====== Source information

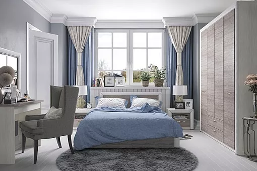 Материал: ЛДСП – 18 мм (изголовье и изножье) + МДФ – 25 мм (патинированные планки) – общая толщина 43 мм; ЛДСП – 22 мм (царги).
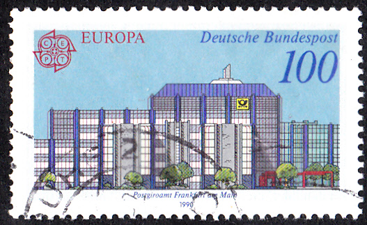 Bei der Deutschen Bundespost sind die Europamarken 1990 zum Gemeinschaftsthema "Postalische Einrichtungen" am 3.5.1990 erschienen. Hier die Marke zu 100 Pf mit dem Postgiroamt Frankfurt am Main. Die Marke erschien in einer Auflage von 71 310 000 Stück.
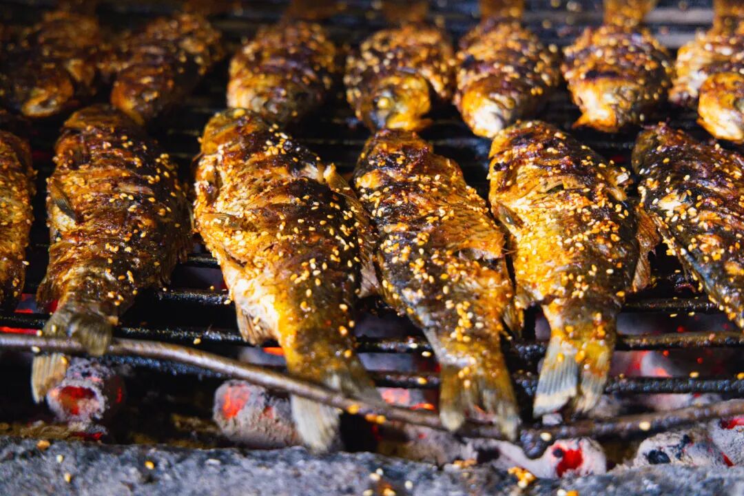 新鲜捕捞的鲫鱼,经过精细处理后,内填当地独有的植物香料,再以炭火精心烤制,外皮酥脆而内里鲜嫩,鱼香与植物清香相互交融令人回味无穷。
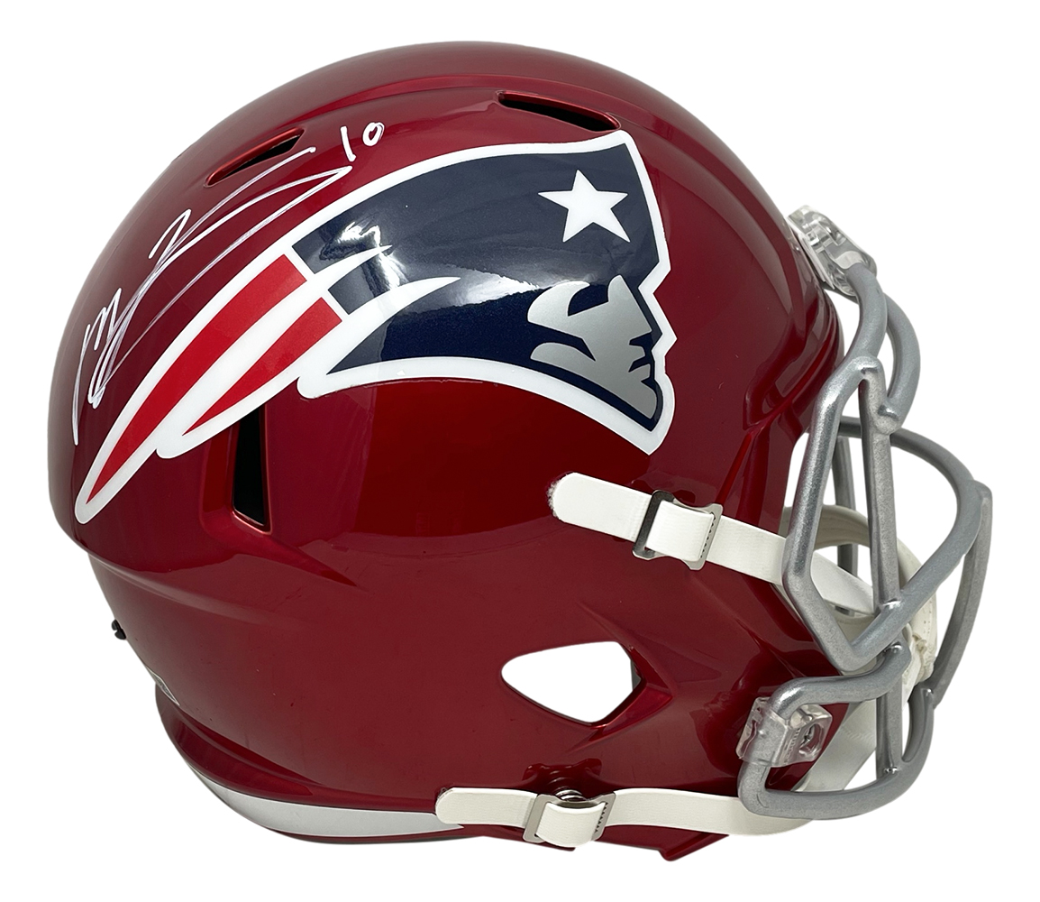 Riddell New England Patriots full-size replica Flash Alternate Speed helmet. Hand-signed by Mac Jones.
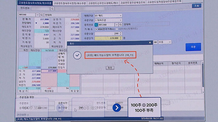 기관 투자자가 주식을 빌리지 않은 상태에서 주문을 내자, 오류 메시지가 뜨며 거래가 이뤄지지 않습니다.
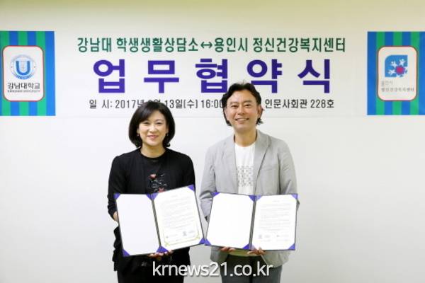 경기 강남대학교 학생생활상담소(소장 박화옥)는 13일 용인시 정신건강복지센터(센터장 박경민)와 강남대 재학생 및 용인시 지역주민의 정신건강 증진을 위한 업무협약을 체결했다.
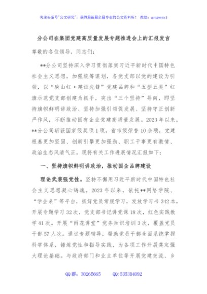 / 分公司在集团党建高质量发展专题推进会上的汇报发言
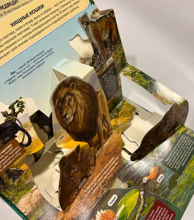 Яркая энциклопедия «Хищники» в формате книжки-панорамки с удивительными объемными иллюстрациями. 3D развороты создают ощущение дополненной реальности. Также на разворотах книги находятся откидные клапаны-сюрпризы, заглянув под которые малыш увидит интересный факт или изображение. Наличие объемных и открывающихся элементов развивает мелкую моторику и пространственное мышление ребенка. Порадуйте своего ребенка увлекательной энциклопедией-панорамкой с яркими, объемными иллюстрациями!

============

*Instructions for the task:* Output each record verbatim and leave out its pictures.

*Result of the task:*
 Материал: ЛДСП – 18 мм (изголовье и изножье) + МДФ – 25 мм (патинированные планки) – общая толщина 43 мм; ЛДСП – 22 мм (царги).
 Bei der Deutschen Bundespost sind die Europamarken 1990 zum Gemeinschaftsthema "Postalische Einrichtungen" am 3.5.1990 erschienen. Hier die Marke zu 100 Pf mit dem Postgiroamt Frankfurt am Main. Die Marke erschien in einer Auflage von 71 310 000 Stück.
 新鲜捕捞的鲫鱼,经过精细处理后,内填当地独有的植物香料,再以炭火精心烤制,外皮酥脆而内里鲜嫩,鱼香与植物清香相互交融令人回味无穷。
 Riddell New England Patriots full-size replica Flash Alternate Speed helmet. Hand-signed by Mac Jones.
 기관 투자자가 주식을 빌리지 않은 상태에서 주문을 내자, 오류 메시지가 뜨며 거래가 이뤄지지 않습니다.
 경기 강남대학교 학생생활상담소(소장 박화옥)는 13일 용인시 정신건강복지센터(센터장 박경민)와 강남대 재학생 및 용인시 지역주민의 정신건강 증진을 위한 업무협약을 체결했다.
 / 分公司在集团党建高质量发展专题推进会上的汇报发言
 Яркая энциклопедия «Хищники» в формате книжки-панорамки с удивительными объемными иллюстрациями. 3D развороты создают ощущение дополненной реальности. Также на разворотах книги находятся откидные клапаны-сюрпризы, заглянув под которые малыш увидит интересный факт или изображение. Наличие объемных и открывающихся элементов развивает мелкую моторику и пространственное мышление ребенка. Порадуйте своего ребенка увлекательной энциклопедией-панорамкой с яркими, объемными иллюстрациями!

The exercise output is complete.